Maybe, maybe not. Perhaps a life without Tarte Tatin and other goodies just became a little lackluster. A life without pastry seems awfully grim to me. 

But let's get back to pie, shall we? 

A couple of decades later restaurant legend Louis Vaudable pulled another publicity stunt that catapulted the upside-down wonder to instant fame. Soon the likes of Aristotle Onasis, the Duke of Windsor (and wife Wallis Simpson obviously), Cary Grant, Barbara Hutton, and a barefoot Brigitte Bardot were lining up to wine and dine at his world-famous restaurant Maxim's. Tarte Tatin was a favorite.


Being the most business-savvy restauranteur of his day meant that Vaudable knew just how to embellish the truth to make the headlines. Although what I'm about to tell you is more of an outright lie than embellished truth. 

He claimed that when he was young he went hunting in Lamotte-Beuvron and stayed in a small hotel run by the Tatin sisters. After trying their famous Tarte Solognote he begged for the recipe only to be refused. A couple of days later he returned to the inn with a made-up sob story of misfortune and implored the sisters to hire him as a gardener.
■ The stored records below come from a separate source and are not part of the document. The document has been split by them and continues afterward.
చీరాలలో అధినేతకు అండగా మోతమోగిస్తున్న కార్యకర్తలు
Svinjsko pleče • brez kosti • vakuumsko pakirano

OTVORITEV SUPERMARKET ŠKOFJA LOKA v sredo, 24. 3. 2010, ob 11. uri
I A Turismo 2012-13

His motivation was to pull off a bit of industrial espionage and trick the ladies into giving him the coveted recipe. 

Vaudale claims that he was fired soon after as he lacked the know-how to even plant a cabbage. In the short time that he was there he managed to steal the secret recipe while there. A recipe he claimed made the way into his menu, a dessert that he now called TARTE TATIN!
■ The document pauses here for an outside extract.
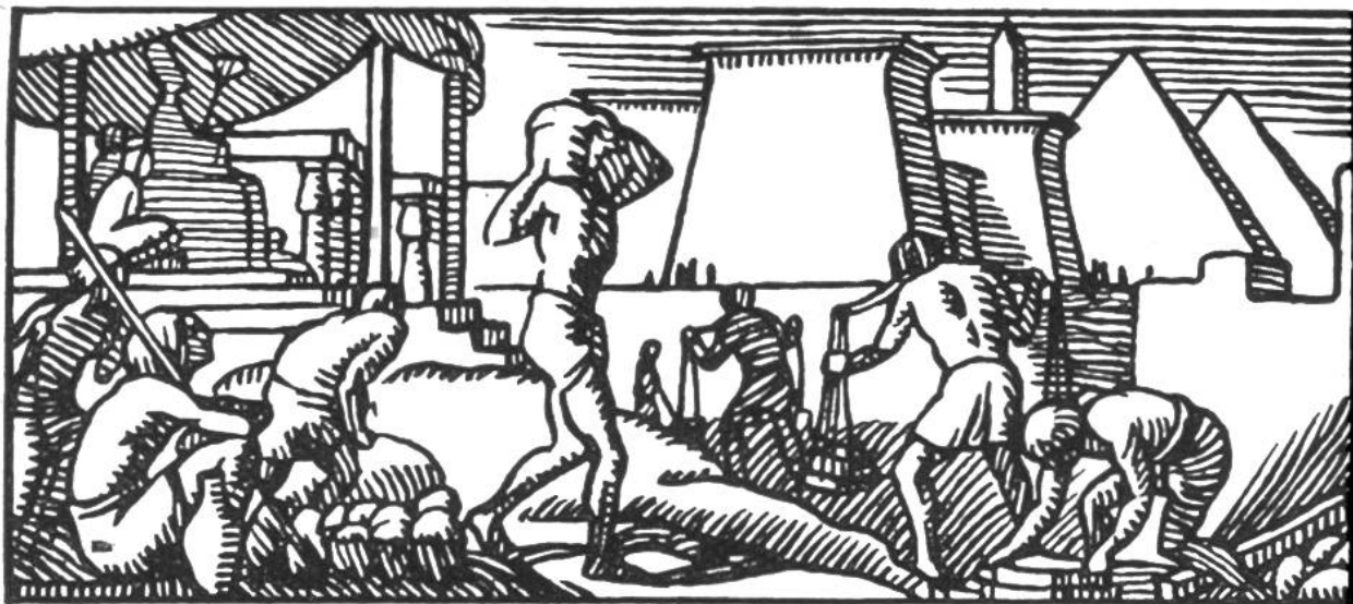
Ägypter beim Pyramidenbau.

Fantastic as that story seems, Vaudable was only born in 1902. The problem with that is that the Tatin sisters retired in 1906, and they passed away not long after that. Furthermore, when Louis' father Octave purchased Maxim's in 1936 the dessert was already on the menu. All Louis did was rename it. 
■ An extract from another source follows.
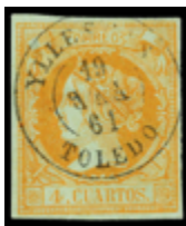
1122 100 €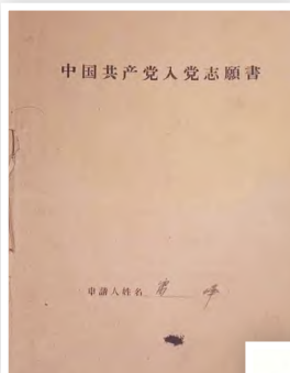
雷锋的入党志愿书

I know what you are thinking. How could this story have passed on as authentic in the culinary world? It turns out there is a large organization at work a Brotherhood of tarte Tatin fanatics called the Confrérie des Les Lichonneux de Tarte Tatin. The Brotherhood of the "lickers" of Tarte Tatin in plain English. 



Originally founded on the 27th of March 1979 when a splinter faction of tarte Tatin purists decided to exercise their legal right to establish themselves as an association. All according to the French Association Law of 1 July 1901. Let me tell you, these guys take things very seriously. 



Their mission is clear; Defend the famous Tarte Tatin, fight culinary abuses and violations committed against it, and reprimand heretics. And the only stories that their doctrine admits are the ones Curnosky and Vaudable so cleverly crafted. 

This means that by now they might all licker-alarms have gone off as I tell you the truth. And that is not the half of it. Most certainly, these "Brothers-in-licks" will cringe at the mere idea of substituting apples for pears. The addition of herbs in the crust? Plain sacrilege.


Remember they have taken an oath to combat recipe dissent and recipe uniformity. A gargantuan task if you take into consideration just how many variations of this humble tart are baked each year in Paris alone. Not to mention this here blog.

They have published the official recipe, which I will link to here should you want it. https://stephanevaladou.wixsite.com/lichonneuxtatin/recette

These vigilant guardians hope to spread Tatin consumption all over the world by fervently organizing fairs, parties, and gastronomic gatherings of all sorts both in France and abroad. All while dressed in the proper Lichonneux attire. 


A costume evokes the traditional dress from the Sologne, a blue blouse, a red scarf, a black hat, black pants, and black shoes. 

All new applicants are carefully scrutinized by the "lickers" and are expected to know and uphold the brotherhood’s Ten Commandments of Tarte Tatin. Newly approved members are awarded a Tarte Tatin shaped medal and a diploma, although each member is expected to cost their own attire. 

So why all the fuss and why am I going against the grain with this recipe? The only way you will find out is if you make it. Because let me tell you this pear and herb version of tarte Tatin, is so good that, dare I say it might even kick the original's butt.